■ **DATASET SECTION**
______________________________
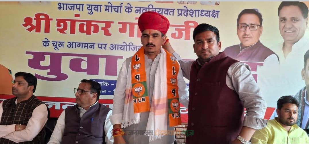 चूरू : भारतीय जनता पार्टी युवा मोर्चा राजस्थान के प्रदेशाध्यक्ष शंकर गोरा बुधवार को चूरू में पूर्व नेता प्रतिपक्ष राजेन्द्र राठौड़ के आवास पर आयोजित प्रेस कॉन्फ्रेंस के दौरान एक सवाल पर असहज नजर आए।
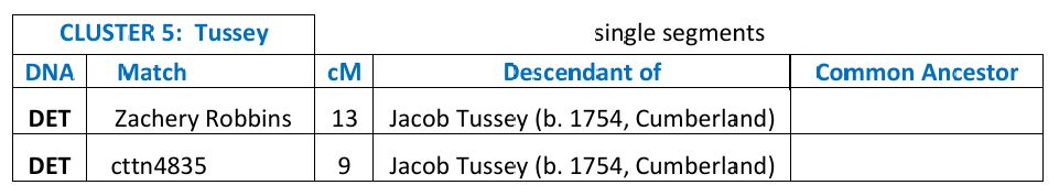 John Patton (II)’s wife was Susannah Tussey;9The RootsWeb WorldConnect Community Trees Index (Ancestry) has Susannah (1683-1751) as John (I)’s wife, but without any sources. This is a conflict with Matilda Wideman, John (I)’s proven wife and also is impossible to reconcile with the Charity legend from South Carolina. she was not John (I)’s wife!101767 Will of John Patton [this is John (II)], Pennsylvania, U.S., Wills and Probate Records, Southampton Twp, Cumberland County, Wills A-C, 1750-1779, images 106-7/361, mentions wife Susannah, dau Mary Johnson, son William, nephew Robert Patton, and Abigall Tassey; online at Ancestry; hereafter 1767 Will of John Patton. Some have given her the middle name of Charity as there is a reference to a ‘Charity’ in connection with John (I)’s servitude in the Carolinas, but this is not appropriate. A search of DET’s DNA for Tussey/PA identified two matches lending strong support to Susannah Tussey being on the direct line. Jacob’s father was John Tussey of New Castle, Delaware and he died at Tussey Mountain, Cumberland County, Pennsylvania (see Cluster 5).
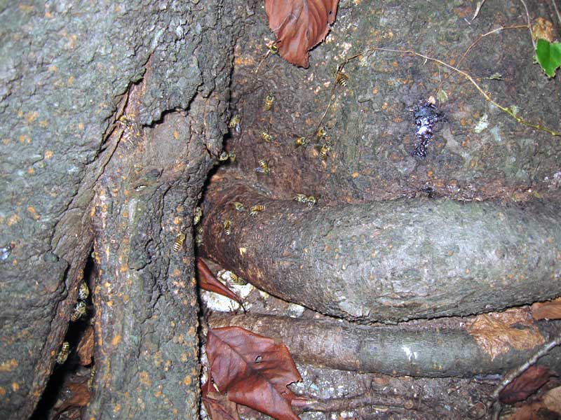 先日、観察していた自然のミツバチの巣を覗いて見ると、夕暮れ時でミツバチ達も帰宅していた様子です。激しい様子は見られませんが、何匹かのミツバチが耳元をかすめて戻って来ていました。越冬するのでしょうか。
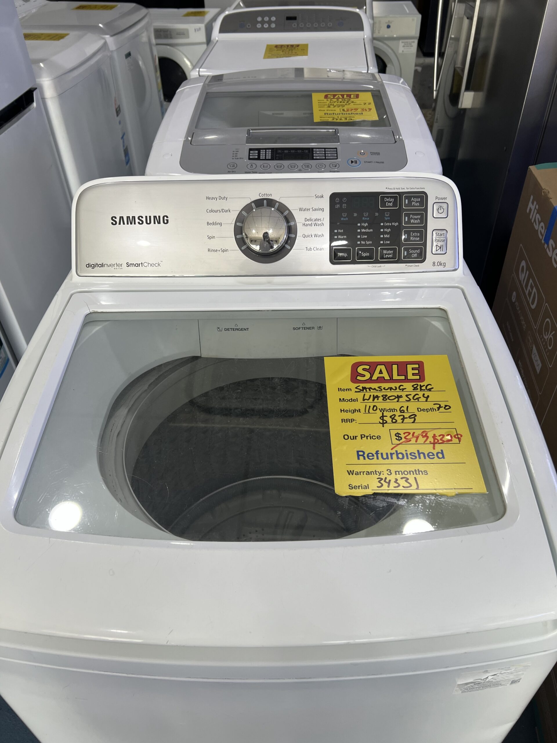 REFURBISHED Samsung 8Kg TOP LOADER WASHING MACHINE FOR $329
______________________________
■ **WORK ITEM**
Word for word, retype all of the data above, but include no pictures.

■ **TASK ANSWER**
 चूरू : भारतीय जनता पार्टी युवा मोर्चा राजस्थान के प्रदेशाध्यक्ष शंकर गोरा बुधवार को चूरू में पूर्व नेता प्रतिपक्ष राजेन्द्र राठौड़ के आवास पर आयोजित प्रेस कॉन्फ्रेंस के दौरान एक सवाल पर असहज नजर आए।
 John Patton (II)’s wife was Susannah Tussey;9The RootsWeb WorldConnect Community Trees Index (Ancestry) has Susannah (1683-1751) as John (I)’s wife, but without any sources. This is a conflict with Matilda Wideman, John (I)’s proven wife and also is impossible to reconcile with the Charity legend from South Carolina. she was not John (I)’s wife!101767 Will of John Patton [this is John (II)], Pennsylvania, U.S., Wills and Probate Records, Southampton Twp, Cumberland County, Wills A-C, 1750-1779, images 106-7/361, mentions wife Susannah, dau Mary Johnson, son William, nephew Robert Patton, and Abigall Tassey; online at Ancestry; hereafter 1767 Will of John Patton. Some have given her the middle name of Charity as there is a reference to a ‘Charity’ in connection with John (I)’s servitude in the Carolinas, but this is not appropriate. A search of DET’s DNA for Tussey/PA identified two matches lending strong support to Susannah Tussey being on the direct line. Jacob’s father was John Tussey of New Castle, Delaware and he died at Tussey Mountain, Cumberland County, Pennsylvania (see Cluster 5).
 先日、観察していた自然のミツバチの巣を覗いて見ると、夕暮れ時でミツバチ達も帰宅していた様子です。激しい様子は見られませんが、何匹かのミツバチが耳元をかすめて戻って来ていました。越冬するのでしょうか。
 REFURBISHED Samsung 8Kg TOP LOADER WASHING MACHINE FOR $329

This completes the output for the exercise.